OCTOBER 15-18: Granada ‘I am falling under your spell…’ PART 2

Posted on Feb 16, 2012 in category



After defying all warnings about driving in Granada, we were pretty proud about successfully parking our car ‘Bomb’ close to the Albaicin area, ‘the quarter of the falconers’. Like the Alhambra, this  old Arab quarter or district of Granada was made a World Heritage site in 1984. Estimates of 40,000 Moors lived in its narrow, steep streets during the Nasrid period (A.D.1232-1492). Over 30 mosques were constructed along with many opulent ‘carmens’ or Moorish houses. Like the Jews who were expelled from Granada in A.D.1492 on the city’s conquest by King Ferdinand and Queen Isabella, the Moors who stayed in Granada soon found themselves on the outer and eventually were forced to convert or join the exodus from Spain (by A.D.1609 all Moors were expelled). Christian charity especially from the Dominican monks did not extend to infidels.



A map of the Albaicin quarter. Our apartment was on ‘Calle San Jose Alta’ near the Church of San Jose (9) and its A.D.1050 minaret, one of only two that survive in Granada



Minaret of San Jose Church (9)

There are several good vantage points to see the Alhambra from the Albaicin quarter which runs parallel to it. Close to our Mudejar apartment was Plaza de San Miguel Bajo (10), Church of San Miguel Bajo (17) and the Convent of Santa Isobel la Catolica (15). The latter two buildings were undergoing restoration work.


Plaza de San Miguel Bajo (10) has reputedly good tapas bars. We enjoyed occasionally buying local produce from downtown supermarkets and using our apartment’s kitchen and patio



The view of the Alhambra (Arabic for ‘red fortress’) from the Mirador de San Nicholas (6) is spectacular

For a virtual view from the Mirador de San Nicholas see: http://www.360cities.net/image/image_112765_1290980088_235104_960106#917.53,3.91,109.6


Unfortunately, Granada’s Archaeological Museum (11 on above map) was closed for renovations. It is housed in ‘Casa de Castril’ (A.D.1539) built by Hernando de Zafra who fought for the conquering Christian army in A.D.1492 . In fact, he was the main negotiator for the King.
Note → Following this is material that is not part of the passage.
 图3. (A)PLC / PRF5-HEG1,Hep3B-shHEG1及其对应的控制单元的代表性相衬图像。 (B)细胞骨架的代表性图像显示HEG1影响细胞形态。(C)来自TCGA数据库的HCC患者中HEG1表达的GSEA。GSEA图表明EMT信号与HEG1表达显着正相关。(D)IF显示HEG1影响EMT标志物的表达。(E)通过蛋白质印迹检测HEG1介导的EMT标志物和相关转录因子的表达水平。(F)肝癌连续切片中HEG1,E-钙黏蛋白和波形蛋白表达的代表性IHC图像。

Zafra’s coat of arms depicts the Alhambra’s Comares Tower. Legend has it that the building is haunted as Zafra threw his daughter’s suspected lover from one of the upper storey windows . The phoenix rising has a twist here!
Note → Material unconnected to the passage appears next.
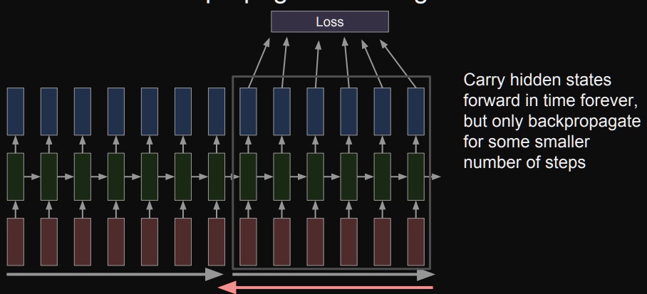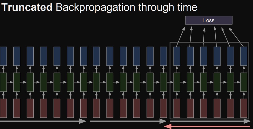그래서 제한된 sequence를 가지는 truncation에서 backpropagation을 진행하고 다음 truncation에서도 진행하고 과정을 반복한다

‘Casa de las Chirimias’ (A.D.1609) had an unusual function: it was a type of grandstand for officials during the city’s main festivals in the ‘Paseo de los Tristes’. The bottom floor housed the judge and constables, on the second storey the mayor and his 24 Knights looked on whilst the top storey was reserved for the musicians who trumpeted away.


‘Real Chancilleria’ or Royal Chancery (A.D.1531-1587) was in control of southern Spain under the early Christian Kings. It faces Plaza Nueva with the Church of Santa Ana in the background (13)



‘Casa de Tiros’ or House of Cannons is truly a 16th century Christian statement! Trojan sculptured heroes add their moral support to this symbolic arsenal of Spanish royal loyalty

and Christian faith.

Talking about faith, Granada’s Cathedral owes its origins to King Ferdinand who laid the foundations in A.D.1504 only two months before Queen Isabella died. Fortunately, the Cathedral was built by A.D.1517 the year of Ferdinand’s death. Both monarchs are interned in this Cathedral. It was later extended by various Spanish Kings.


A huge central nave with double aisles either side certainly impress worshippers but the huge stained glass lit dome is the most impressive feature.



The Cathedral was finally consecrated in A.D.1561


Another church of interest in Granada is ‘Santo Domingo’. Construction began in A.D.1512 using tombstones from the Moors. The Spanish Inquisition had its first headquarters here under Tomas de Torquemada, Spain’s first Inquisitor-General. During his 15 years of purging non-believers some 2000 Spaniards were executed. The Inquisition was abolished in 1834. Note the restored frescoes on the facade.

From the Holy Sacraments to Sacromonte, the thespian quarter of Granada. A leisurely walk around this district popped up few surprises. Flamenco taverns are scattered around this area but they do not open until late, late at night.


Protest poster in Sacromonte for 15 October re: ill effects of the euro debt crisis


Granada’s 14th century defensive towers and walls still survive around Sacromonte area


Our four day ‘spell’ in Granada was most enjoyable. We had time to relax as well as see the many historical sites of this World Heritage wonder. Our next destination is to head towards the ‘Costa Tropical’ and the towns of Salobreña and Almuñécar via the Sierra Nevada or Snowy Mountains.